* **Information provided**:
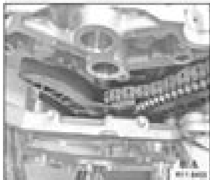
Fig. 78. Identifying Chain Tensioner Arm

Release cylinder head screws at front of cylinder head.
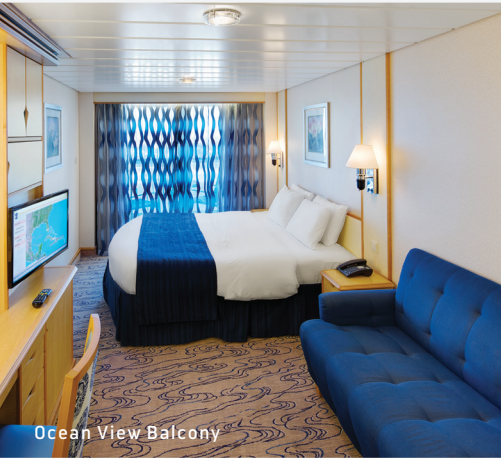
Ocean View Balcony
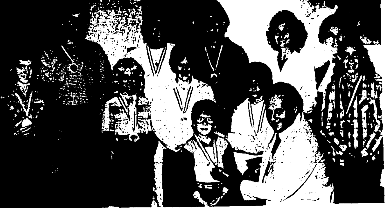
RAHWAY, SUMMIT in 'rematch' game

The first football game between the Rahway and Summit Hills players was played on Saturday, Oct. 17, at 1:30 p.m. This was a repeat of last year's North Jersey Section No. 2 Group No. 3 championship matchup, which the Indians lost 10-7 at the Grant Stadium last December.
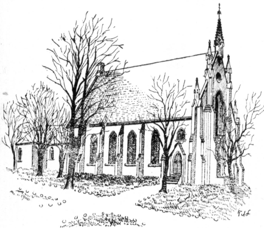
GRAFTON ST. CHURCH.
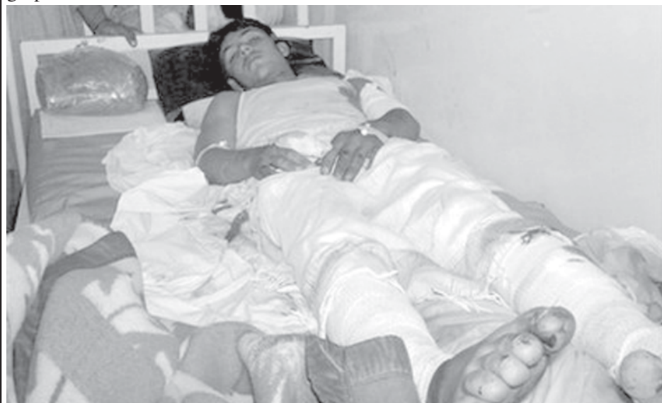
An Afghan youth who was injured in an explosion lies on a bed at a hospital in Asadabad, the provincial capital of Kunar Province, east of Kabul, Afghanistan, on 9 June, 2009.
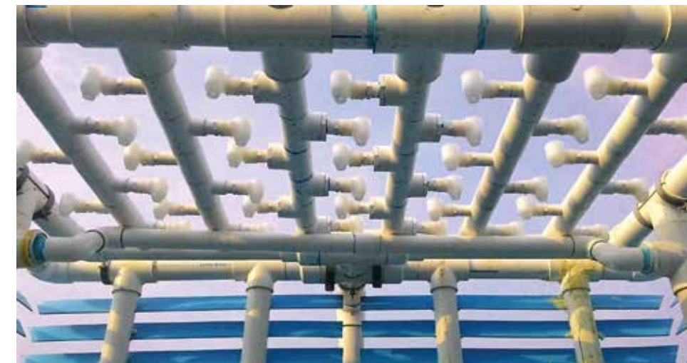
HVAC industry has actively transitioned away from refrigerants that cause Ozone depletion and adopted refrigerants with low Global Warming Potential.

The Indian government's substantial allocation of
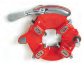
No. 811A Quick-Opening Die Head
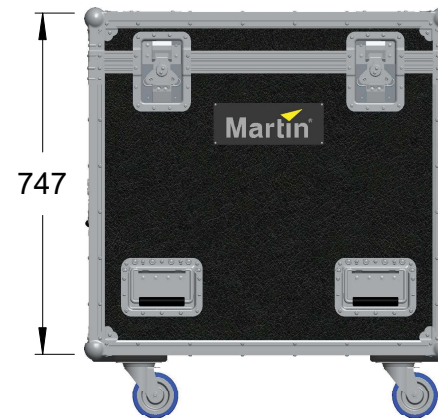
747 780 FRONTVIEW
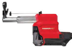
M18 FUEL™ HAMMERVAC™ 1-1/8" Dedicated Dust Extractor #2915-DE
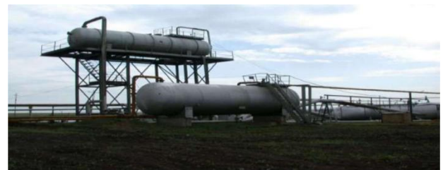
Fig. 1: Pressure vessel

are functions of diameter of the elements under consideration, the shape of the pressure vessel as well as the applied pressure.
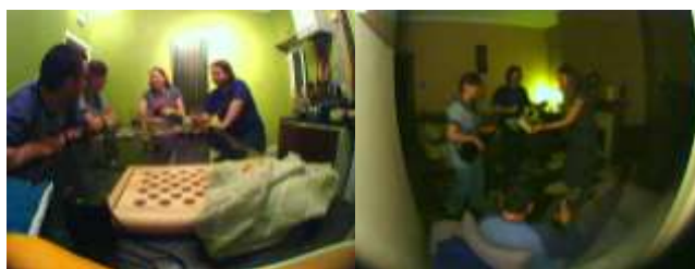
Figure 4. Images captured from SenseCams during an evening of game-play.

Wearing a SenseCam also seemed to provoke a degree of creativity in these participants, which might not normally have been expressed. The woman who was quoted above describing her walk not only positioned her SenseCam in unusual places, such as hanging from trees, but also chose to deliberately take pictures, featuring subjects that she would not usually capture:
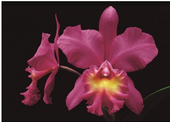
Blc. Bryce Canyon ‘Splendiferous’ Culture Class, February 3, 7:30 PM

He grows a variety of hybrids and species in Jacksonville, Florida, but his favorites are the great Cattleya hybrids. He has about 500 mature Cattleyas in his shade house, including some classic clones which appeared in collections over 100 years ago. He makes 10 to 15 hybrids and species sib crosses each year, and periodically offers them for sale.
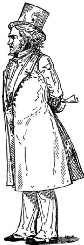
Ludwig van Beethoven

For additional Transcriber's Notes, click here .

* **Exercise goal**:
The expected output is an exact retyping of the lines from the line with "No. 811A Quick-Opening Die Head" through the last line of the data, with both ends kept and the pictures dropped.

* **Expected output**:
No. 811A Quick-Opening Die Head
747 780 FRONTVIEW
M18 FUEL™ HAMMERVAC™ 1-1/8" Dedicated Dust Extractor #2915-DE
Fig. 1: Pressure vessel

are functions of diameter of the elements under consideration, the shape of the pressure vessel as well as the applied pressure.
Figure 4. Images captured from SenseCams during an evening of game-play.

Wearing a SenseCam also seemed to provoke a degree of creativity in these participants, which might not normally have been expressed. The woman who was quoted above describing her walk not only positioned her SenseCam in unusual places, such as hanging from trees, but also chose to deliberately take pictures, featuring subjects that she would not usually capture:
Blc. Bryce Canyon ‘Splendiferous’ Culture Class, February 3, 7:30 PM

He grows a variety of hybrids and species in Jacksonville, Florida, but his favorites are the great Cattleya hybrids. He has about 500 mature Cattleyas in his shade house, including some classic clones which appeared in collections over 100 years ago. He makes 10 to 15 hybrids and species sib crosses each year, and periodically offers them for sale.
Ludwig van Beethoven

For additional Transcriber's Notes, click here .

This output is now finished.